The 10-day manhunt ended at the Garrett farm in Bowling Green, where troops discovered the criminal holed up in a tobacco barn.
The barn was set on fire, and Booth was shot in the neck. The bullet passed through his spinal cord and paralyzed him.
Last weekend's tour ended on the same ground where John Wilkes Booth died just after dawn on April 26, 1865.
Nearly 10 hours after the tour started at Ford's Theatre, Kauffman stood in the woodsy median of U.S. 301 in Caroline County. As cars sped by on the busy highway, he pointed out what was once the Garrett farm.
Kauffman, who gives several tours each year, has spent three decades sifting through trial records, national archives and databases about the Lincoln assassination.
He published the first complete version of conspiracy trial transcripts from 11,000 pages of government files.
He calls the Booth saga his "lifelong specialty," and he leaves no detail to chance.
"I've noticed how people like to pick. They really try to pick you apart," Kauffman said. "I'm almost terrified of making mistakes."
So he tests his theories firsthand.
He once leaped from the balcony at Ford's Theatre onto the stage to see if Booth could have broken his leg that way. He hired a cavalry unit to burn down a tobacco barn at 2 o'clock in the morning. And he tried to paddle across the Potomac in a row boat.
But even Kauffman can't re-create Booth's experiences exactly.

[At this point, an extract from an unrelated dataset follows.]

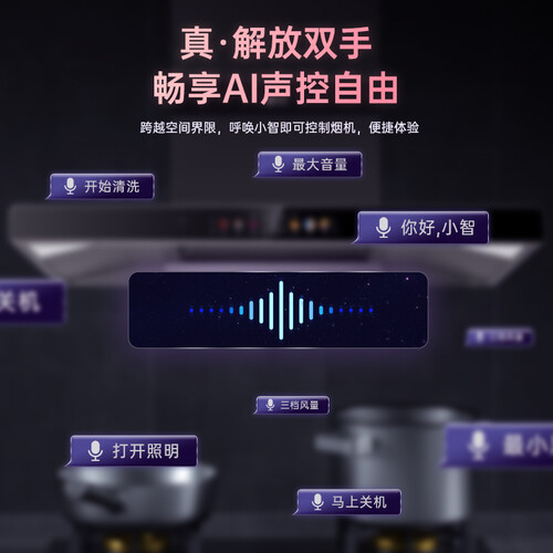 拥有智能语音功能,只需动嘴就能够完成各种操作,充分解放双手。拥有热清洗功能,不用亲自动手清洗,烟机更加洁净。

By bus, his tour travels from Washington to Bowling Green in a fraction of the time it took Booth to make the trip on horseback. Tourists cross modern bridges, travel paved highways and pass gas stations; Booth paddled across the water, fled along dirt roads and trekked through open fields.
Landmarks have been turned into restaurants and sold out of families.
"It just makes me sick to think about it," Kauffman said.
He's seen amazing changes in the tour over the past quarter of a century.
"The thing that keeps you going," Kauffman said, "is that you learn something new every day."